■ TASK BRIEF ■
Output each entry verbatim and exclude every picture from it.

BEGIN TASK MATERIAL

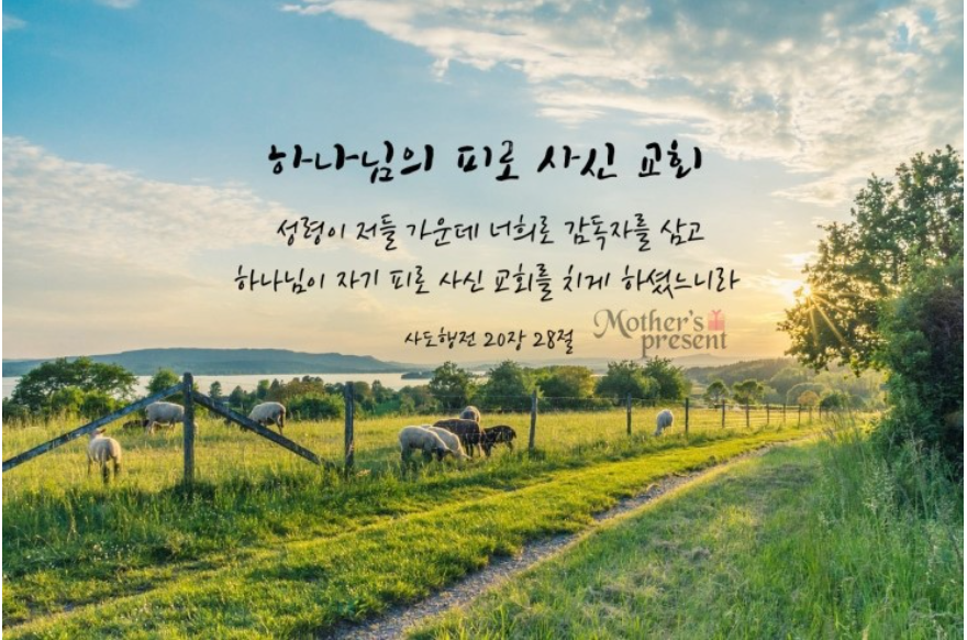 하나님께서는 친히 당신의 피로서 교회를 사시고, 양육하셨다라고 말씀 하셨습니다.
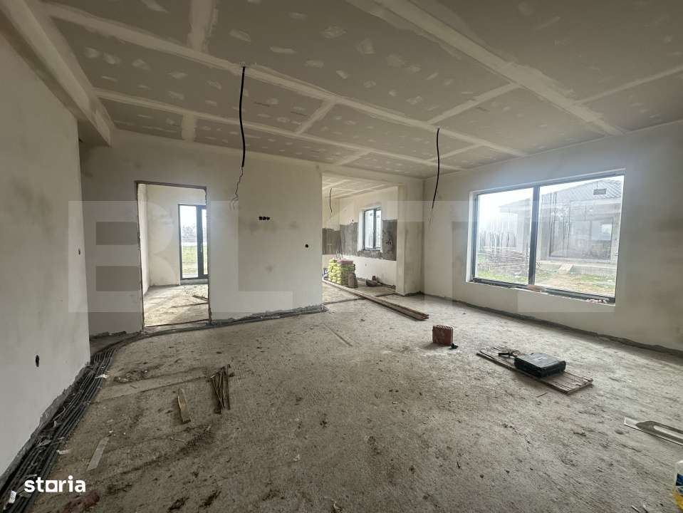 Casa cu 4 camere semifinisata, 92 mp, teren 400 mp, in Vetis
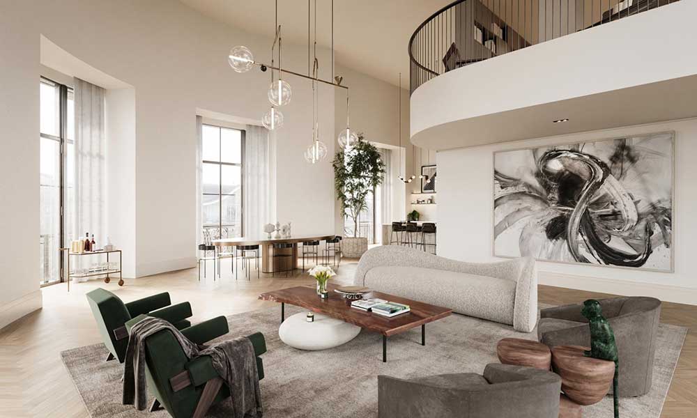 Complejo residencial que destaca por el uso de mármol y madera en su diseño interior.
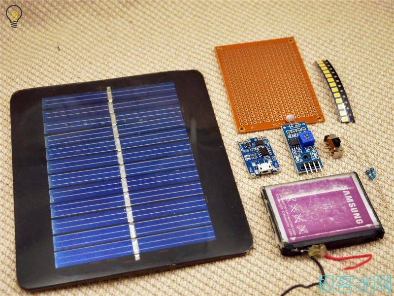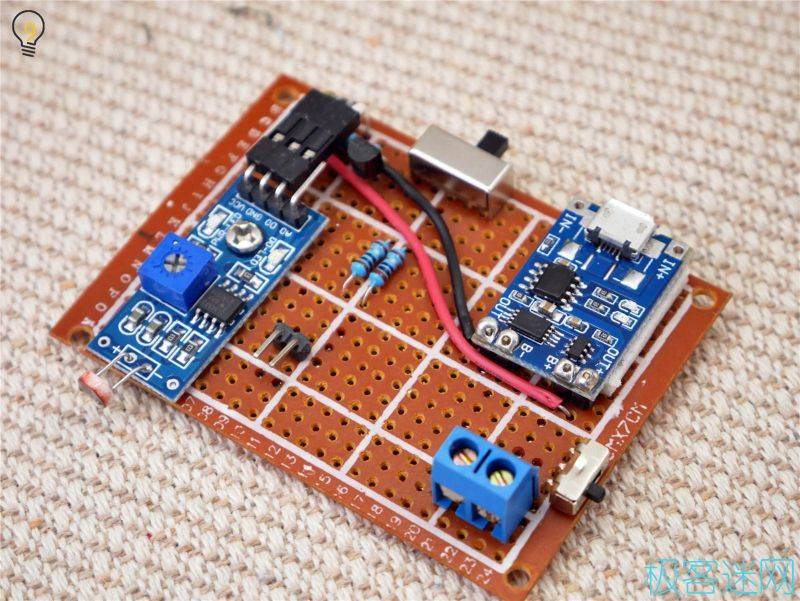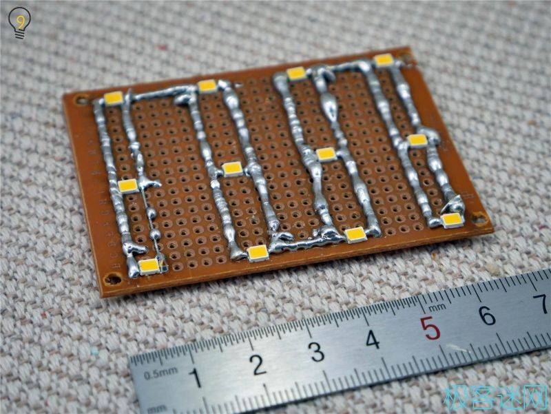 1.用電烙鐵將LED牢牢地焊在第一塊洞洞板上(并聯(lián)),這個過程比較復雜,如果嫌麻煩的話可以在購物網(wǎng)站上找一些現(xiàn)成的燈板,甚至可以找?guī)в泻懔黩寗拥腖ED板,這種情況下只使用三個現(xiàn)成的模塊(充電、光敏、LED)就能完成整個制作。
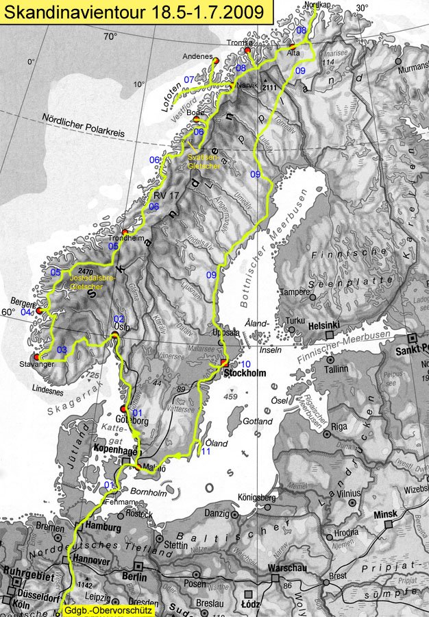 über den Hafen. Der Campingplatz Bogstad liegt im Nordwesten Oslos und hat eine schöne Lage. Zwar sind Sanitäreinrichtungen besser als auf dem letzten, doch auch hier gibt es einiges zu kritisieren. Ad 1 haben sie uns auf einen Platz geschickt, wo der Strom abgestellt war. Das brachte schon mal einige Lauferei mit sich. Ad 2: Wenn ich schon 300 NK für den Platz bezahle (fast 40 €), sollte das Duschen zumindest enthalten sein. In den Duschen gab es noch nicht einmal eine Sitzgelegenheit. Ad 3: die Kabine zum Entleeren der Toilettenkassetten war total versifft. Die öffentlich verfügbaren Dumpingstationen sind da wesentlich angenehmer. Ad 4: Es gab keine Möglichkeit das Abwasser (Küche und Dusche) zu entsorgen. Km-Stand abends: 9.858 |
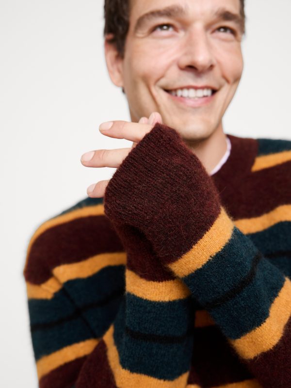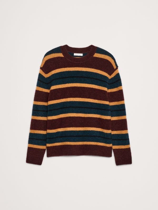 We love the cozy, brushed finish of this extra-warm alpaca and wool blend so we put it to use in a classic crew-neck silhouette with stripes that show off its rich colors.
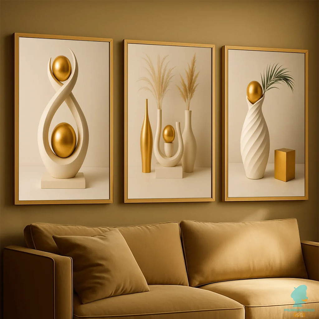 KIT 3 Decorative Picture Frame Modern Geometric Abstract Gold Sculpture Luxury Living Room Wall Decoration
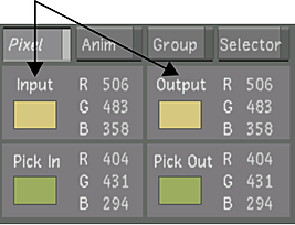 Both the original (Pick In) and modified (Pick Out) colours are displayed simultaneously in the lower section of the Pixel Analyser. The RGB values for the selected pixel are also displayed.
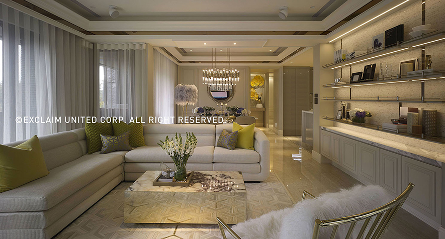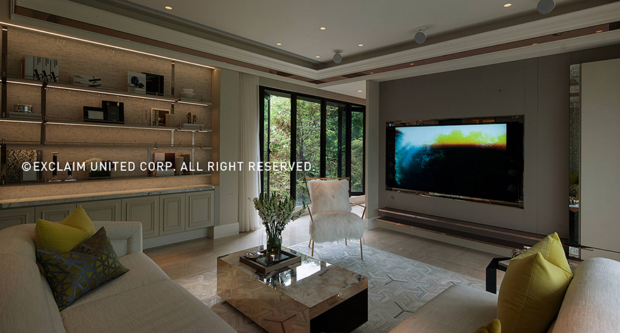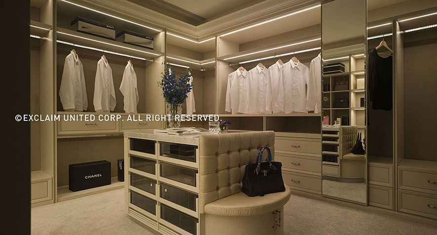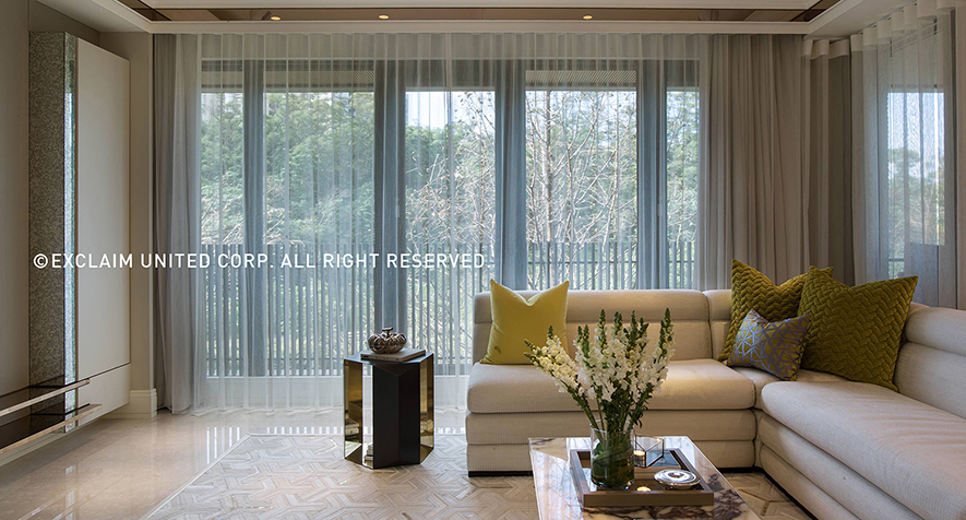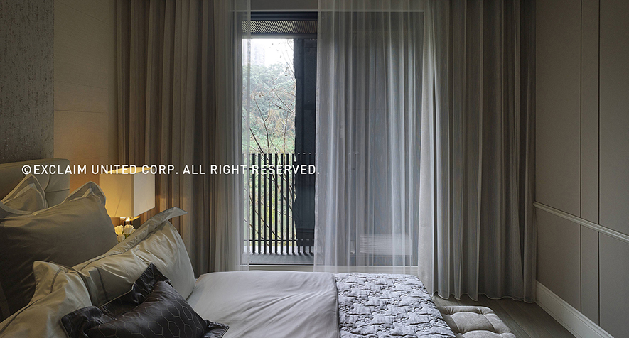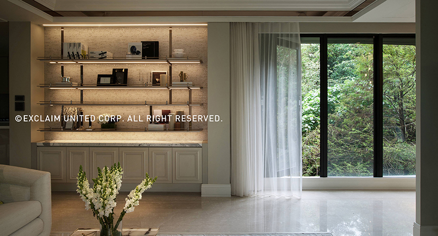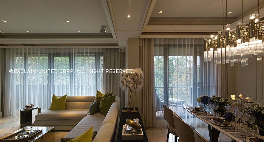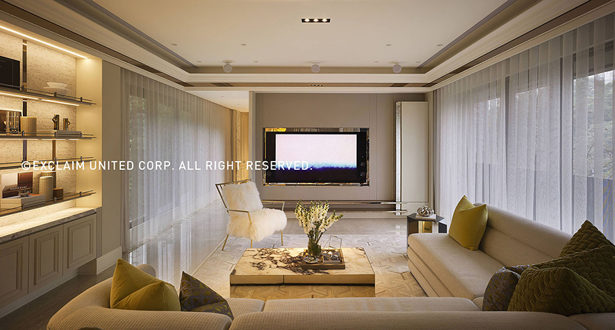 業主喜歡時尚、精品藝術,懷抱童心同時也渴望回歸簡約的調性,客廳除了選用鑲嵌金屬呼應編織結構的馬毛地毯,鴕鳥造型閱讀燈呼應屋主的童心未泯,牆面結構運用美式線板增加層次感,進口傢俱經過排列組合強調空間對稱性,結合美式簡潔和藝文需求,訪客一眼便能看穿屋主擁有的高雅品味和生活哲學,室內左右兩側採用大量落地窗,讓窗外綠蔭得以瀟灑的灑近屋內。更衣室方面,為凸顯屋主女強人的特質,採用中島設計,讓大量精品都可在一敞開門的同時清楚的被看見。
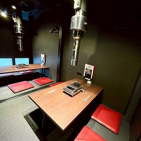 しっぽりとオトナの焼肉。隣の席とはゆったり目でスペースとっております。スパイラルダクト完備なので、煙も気になりません。個室は人気のため要予約です。

END TASK MATERIAL

■ OUTPUT FOR THIS EXERCISE ■
 하나님께서는 친히 당신의 피로서 교회를 사시고, 양육하셨다라고 말씀 하셨습니다.
 Casa cu 4 camere semifinisata, 92 mp, teren 400 mp, in Vetis
 Complejo residencial que destaca por el uso de mármol y madera en su diseño interior.
 1.用電烙鐵將LED牢牢地焊在第一塊洞洞板上(并聯(lián)),這個過程比較復雜,如果嫌麻煩的話可以在購物網(wǎng)站上找一些現(xiàn)成的燈板,甚至可以找?guī)в泻懔黩寗拥腖ED板,這種情況下只使用三個現(xiàn)成的模塊(充電、光敏、LED)就能完成整個制作。
 über den Hafen. Der Campingplatz Bogstad liegt im Nordwesten Oslos und hat eine schöne Lage. Zwar sind Sanitäreinrichtungen besser als auf dem letzten, doch auch hier gibt es einiges zu kritisieren. Ad 1 haben sie uns auf einen Platz geschickt, wo der Strom abgestellt war. Das brachte schon mal einige Lauferei mit sich. Ad 2: Wenn ich schon 300 NK für den Platz bezahle (fast 40 €), sollte das Duschen zumindest enthalten sein. In den Duschen gab es noch nicht einmal eine Sitzgelegenheit. Ad 3: die Kabine zum Entleeren der Toilettenkassetten war total versifft. Die öffentlich verfügbaren Dumpingstationen sind da wesentlich angenehmer. Ad 4: Es gab keine Möglichkeit das Abwasser (Küche und Dusche) zu entsorgen. Km-Stand abends: 9.858 |
 We love the cozy, brushed finish of this extra-warm alpaca and wool blend so we put it to use in a classic crew-neck silhouette with stripes that show off its rich colors.
 KIT 3 Decorative Picture Frame Modern Geometric Abstract Gold Sculpture Luxury Living Room Wall Decoration
 Both the original (Pick In) and modified (Pick Out) colours are displayed simultaneously in the lower section of the Pixel Analyser. The RGB values for the selected pixel are also displayed.
 業主喜歡時尚、精品藝術,懷抱童心同時也渴望回歸簡約的調性,客廳除了選用鑲嵌金屬呼應編織結構的馬毛地毯,鴕鳥造型閱讀燈呼應屋主的童心未泯,牆面結構運用美式線板增加層次感,進口傢俱經過排列組合強調空間對稱性,結合美式簡潔和藝文需求,訪客一眼便能看穿屋主擁有的高雅品味和生活哲學,室內左右兩側採用大量落地窗,讓窗外綠蔭得以瀟灑的灑近屋內。更衣室方面,為凸顯屋主女強人的特質,採用中島設計,讓大量精品都可在一敞開門的同時清楚的被看見。
 しっぽりとオトナの焼肉。隣の席とはゆったり目でスペースとっております。スパイラルダクト完備なので、煙も気になりません。個室は人気のため要予約です。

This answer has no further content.